2019 Trend Forecast: Healthcare

By Paul Holmes, The Holmes Report

01/16/2019

Some issues—like access and affordability—just won’t go away. Others, like the convergence of healthcare and technology, are reaching a critical inflection point.

1. Access and Affordability

We are less than two weeks into the New Year and already the US has seen three major stories about healthcare access and affordability. First, a Texas judge’s ruling threatens to take away health coverage from millions of Americans. Second, drug companies increased prices dramatically in the first few days of the year, sparking outrage. And third, it was reported that San Francisco’s Zuckerberg hospital general hospital was engaging in some aggressive pricing practices that left even patients who thought they had insurance coverage facing hefty medical bills.

“2019 will be the year the debate around how we further expand US healthcare coverage, and take steps to make it more affordable, take center stage again,” says Marc Longpre, senior partner and Americas healthcare co-lead for FleishmanHillard. “After two years of failed Affordable Care Act repeal efforts, and just a month after a federal court put the law back in the spotlight, it’s likely 2019 will shift to the question of how best to move forward.

“With nearly 30 million still lacking coverage in this country and recent polling showing cost and affordability to be a top priority for voters, we are likely to get our first glimpse of different versions of “Medicare for All” in the upcoming Democratic presidential debates and in Congressional hearings."

Susan Isenberg, global chair of the health sector at Edelman, believes access has the potential to be a bipartisan issue in the US, given that President Donald Trump continues to express concern about drug prices in particular. “I think you’re going to hear from both sides around pricing and access, and calls for greater transparency.”

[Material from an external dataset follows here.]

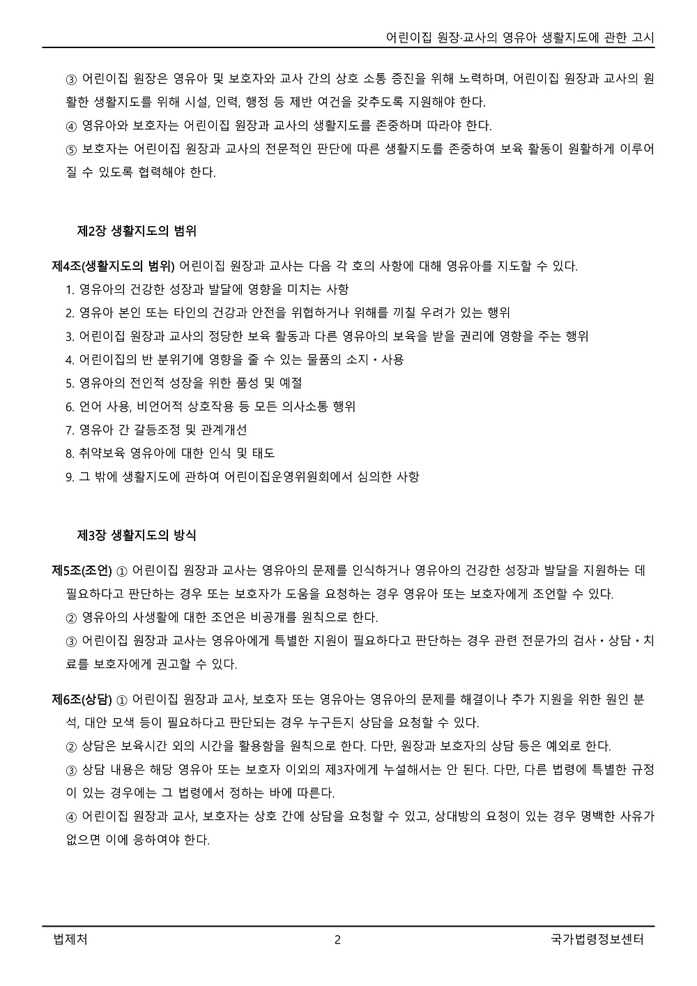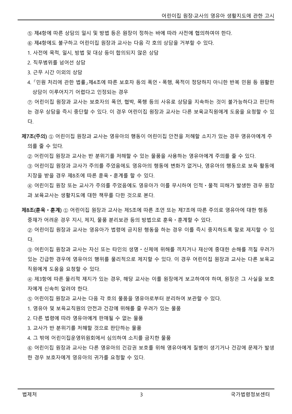 [교육부] 어린이집 원장·교사의 영유아 생활지도에 관한 고시

In Europe too “the concept of price, affordability and access is a key issue,” says Nicky Walsby, managing director at Syneos Health. “In 2019, with increased scrutiny on drug prices, and a number of novel medicines such as CAR-T treatments and gene therapy that bring with them a price challenge, we will see an increased need for the creation of meaningful, impactful value narratives shaped by experts in the strategic communications and pricing and market access fields.

“Such narratives will encompass emotional and economic levers, and require strong, consistent communications roll-out to key stakeholders.”

The UK, of course, has its own issues. “As the UK focuses on prevention and wellness as part of a £20.5 billion shake-up of healthcare delivery, the nation is actually more concerned about the supply of medicines under Brexit than the NHS 10 Year Plan,” adds John Gisborne, managing director and EMEA co-lead at FH. “What matters most right now – prevention, innovation or just having enough product in the country? The big trends in 2019 will be supply, value, affordability and the industry’s role in the prevention agenda.”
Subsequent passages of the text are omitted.